Chineasy is an Internet startup created with the purpose of teaching characters, created by the entrepreneur Shaolan Hsueh. For visual learners the human brain is able to memorize information better if it is put into a visual context .  The approach is to learn Chinese characters with the help of illustrations to help memorize Chinese characters better. The 2014 book Chineasy: The New Way to Read Chinese contains about 400 characters.  It was based on her 2013 TED talk and funded via a crowdfunding campaign through Kickstarter.

While the book introduces common Chinese characters, it does not teach pronunciation or grammar, and thus does not teach how to read or use the language, although it does use voice recordings for the users to mimic.

Chineasy’s first app, Chineasy, launched in 2018, makes it fun and easy to learn Chinese words on-the-go through flashcards and quizzes. The app is awarded as Editor’s Choice and has reached number 2 in the UK and number 6 in the US Apple App Store’s education category. It was featured on the new Apple Watch App Store during the keynote address at the 2019 Worldwide Developers Conference in San Jose. The Chineasy app is a 2022 Apple Design Award finalist for Delight & Fun.

Set of characters

Chineasy teaches sometimes traditional and sometimes simplified forms. Hsueh argued that traditional and simplified forms of Chinese still share a great number of characters, and in real life – just as in the case of British English and American English – you will come across both forms. Where they differ, she shows the other version as well. Chineseasy Everyday teaches over 400 of the most used and useful Chinese characters, phrases and sentences. In addition to learning characters the learner will also experience many stories that explain Chinese customs and culture.

Reception

Chineasy has been widely featured in the press, including the Financial Times,  the Wall Street Journal, Time magazine, and National Public Radio.

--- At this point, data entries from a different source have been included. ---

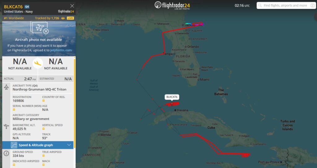 The drone, using the callsign BLKCAT6, made multiple passes near key areas, including the capital, Havana, and the region around Guantanamo Bay. It maintained an altitude of about 49,000 feet throughout the flight, according to aerial tracking data.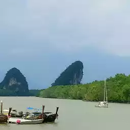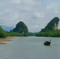 Khao Khanap Nam is a tourist attraction that is a symbol of Krabi. It is made up of two limestone mountains (Krabi's Twin Mountains) standing tall on the Krabi River in front of the city.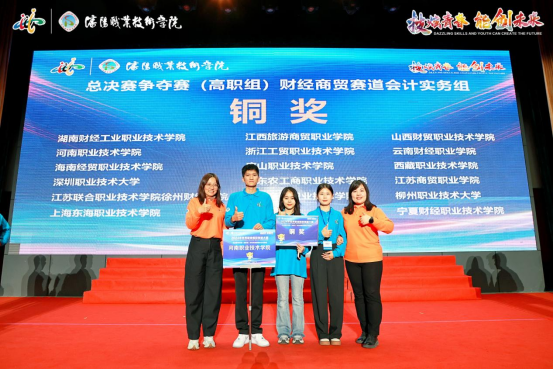 2024年10月27日至29日,备受瞩目的世界职业院校技能大赛总决赛在沈阳隆重举行。此次大赛的财经商贸赛道会计实务赛项吸引了来自全国各地的63支精英队伍同场竞技,场面激烈而精彩。公司财经管理公司派出的代表队,在支慧、赵雅慧两位老师的精心指导下,凭借李晶、马静怡、任志远、胡俊鹏四位同学的出色表现和稳定发挥,成功斩获了铜奖,为公司赢得了荣誉。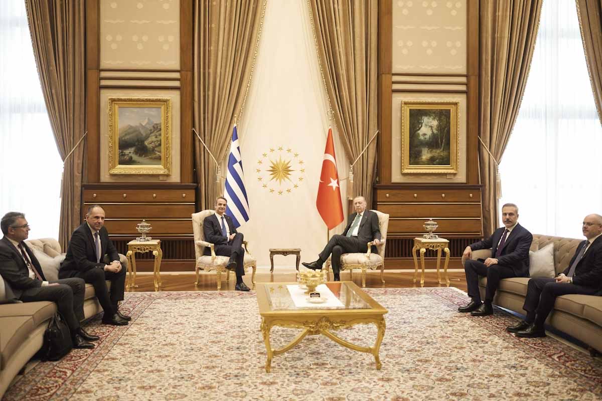 Σε εξέλιξη βρίσκεται η συνάντηση του πρωθυπουργού Κυριάκου Μητσοτάκη με τον Τούρκο Πρόεδρο Ρετζέπ Ταγίπ Ερντογάν, στην Άγκυρα.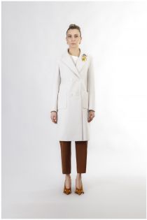 Zeitloser basic-zweireihermantel. der kragen ist mit einer brosche verziert. perfekt um alltägliche looks sofort aufzuwerten.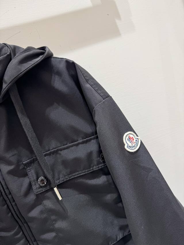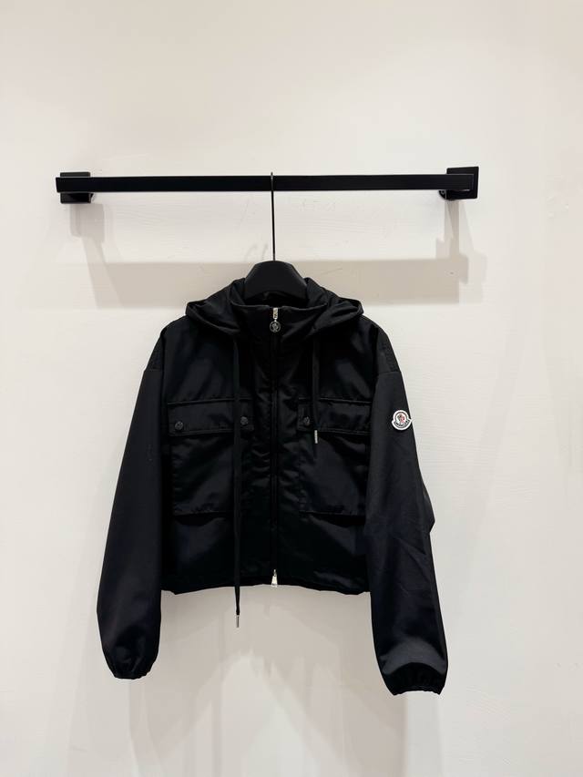 New 25Moncl Leda Women's Short Hooded Parka Jacket With Hidden Hood And Adjustable Drawstring Hem. Neutral Color Design With Ventilated Mesh Lining And Patch Pockets. Suitable For Daily Wear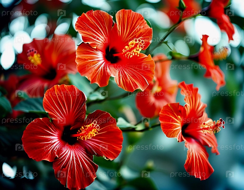 Ярко-красные цветы гибискуса демонстрируют сложные листья в цветущем саду. Прекрасная зелень создает яркий фон для их красоты. Гибискус является крупным родом растений из семейства Malvaceae
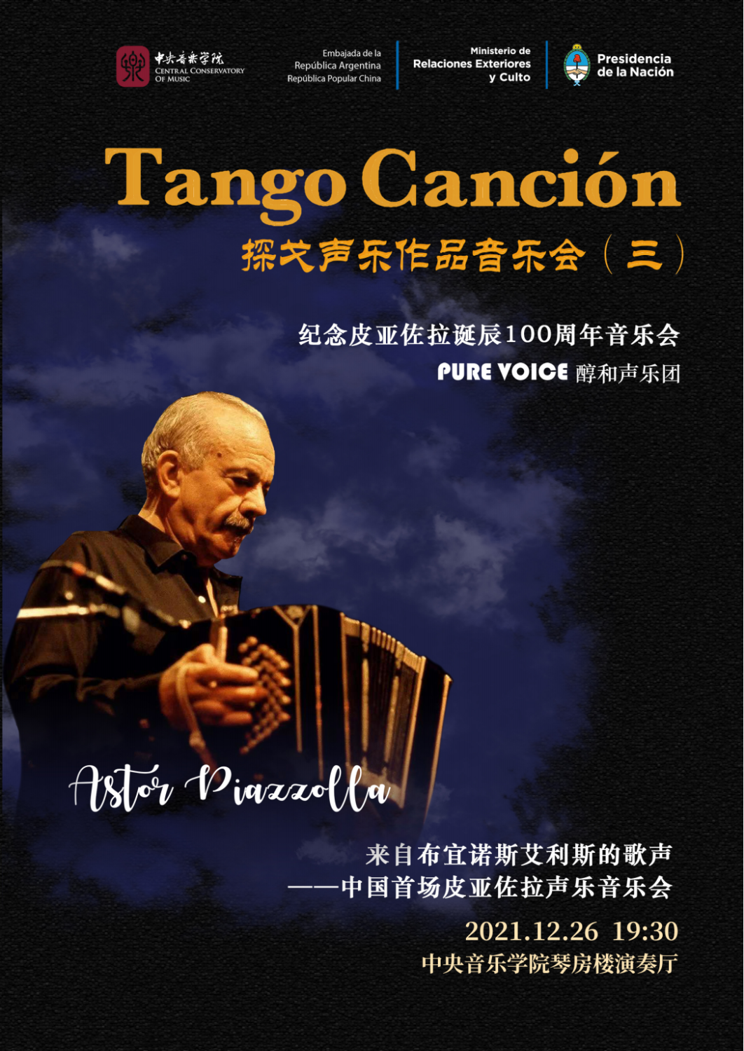 音乐会的主办方——星空彩票ios版中心版探戈艺术研究与实践中心,于2021年10月26日正式成立,是中国首个探戈艺术专业研究机构,得到了阿根廷驻华使馆、阿根廷国立艺术学院的支持。中心旨在通过开展探戈艺术的研究和推广实践活动,促进和加强中阿音乐文化交流和探戈艺术的发展,助力巩固中阿建交近五十年来的双边关系。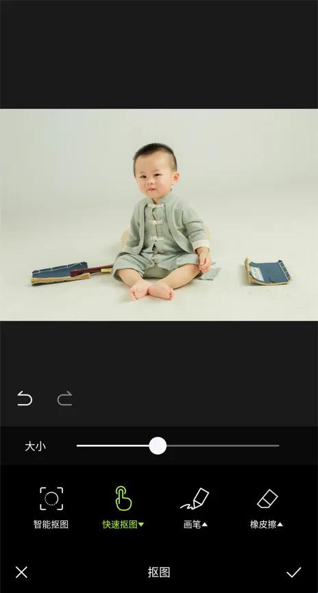 执行上述操作后,进入“抠图”界面,点击“智能抠图”按钮,如图所示。
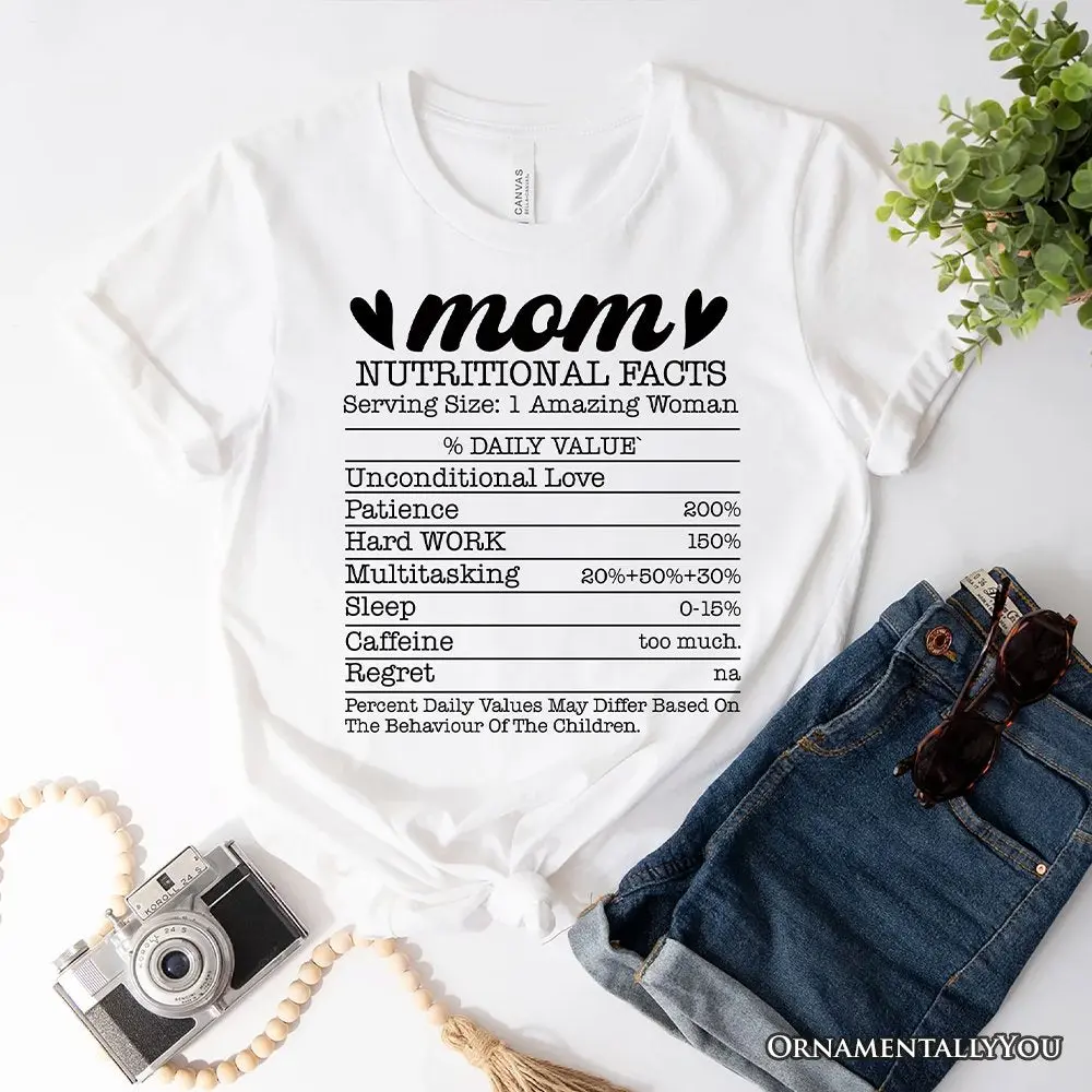 Mom Nutritional Facts Funny T-Shirt, White and Natural Mom Life Tee for Exhausted and Caffeinated Mothers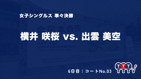 【見逃し配信】2023年全日本卓球選手権大会【6日目:1/28】:女子シングルス準々決勝 横井 咲桜 vs. 出雲 美空(コートNo.03)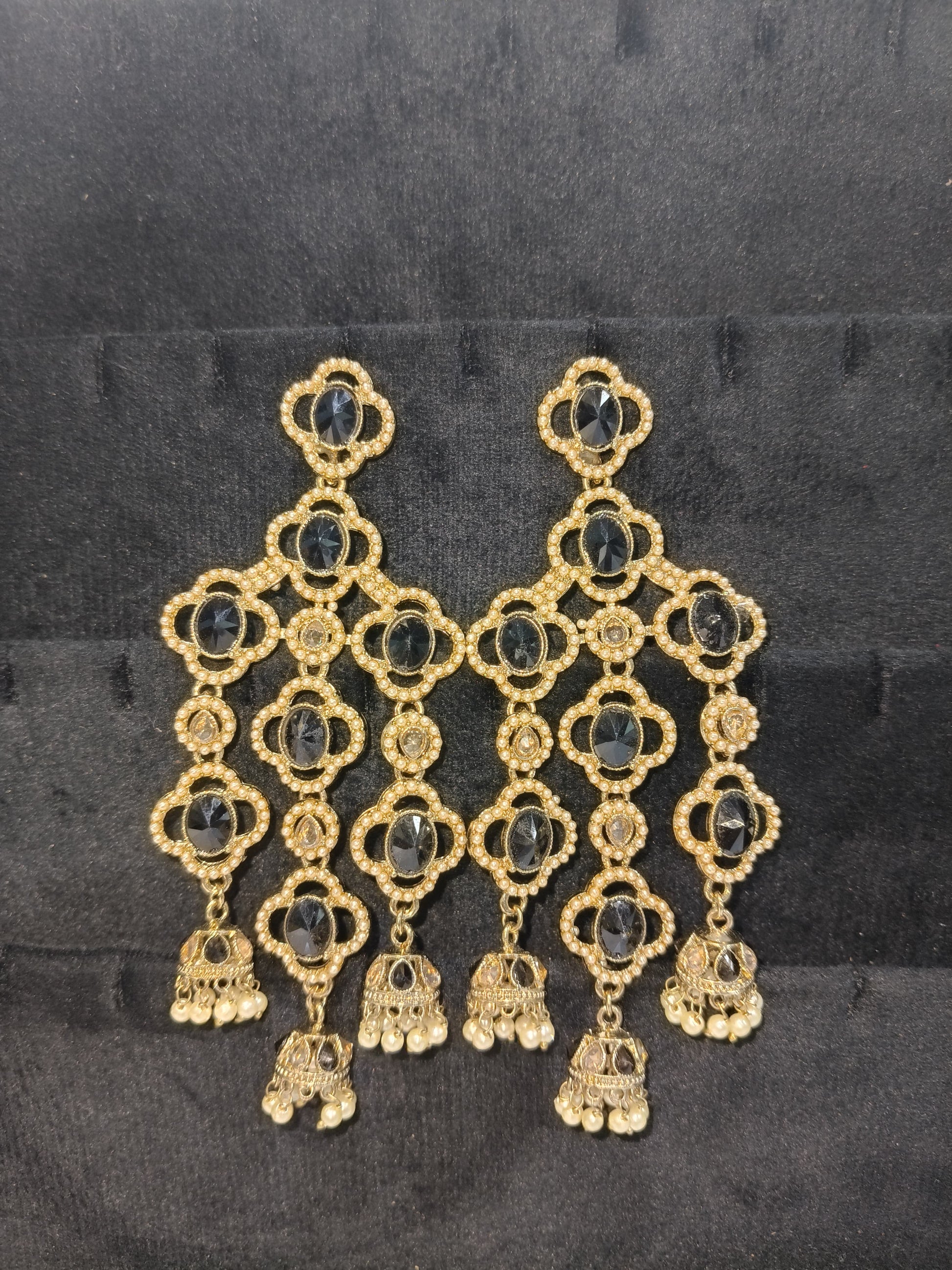 Design: Multi-tiered floral pattern with pearl-embellished jhumka drops

It won Wallpaper’s 2014 Design Award. Hsueh's book uses illustrations and storytelling. Characters are illustrated by various illustrators including Noma Bar.

According to the sinologist and linguist Victor H. Mair “anyone who deceives him/herself into thinking that using Chineasy is a magic bullet for learning Chinese will simply be wasting his/her time.” He wrote:
“First of all, if you employ Ms. Hsueh’s methods, you won’t learn any real Chinese language. You won’t know the sound of a single Chinese word. You won’t even know the sound of a single Chinese character. You won’t learn anything about Chinese grammar or syntax. You won’t be able to speak or write a single Chinese sentence. If you doggedly persist, you might learn to recognize a hundred or so individual characters, but you wouldn’t know how to pronounce them or use them in any meaningful context.
What is worse, you will be subjected to a lot of assertions that are wrong.”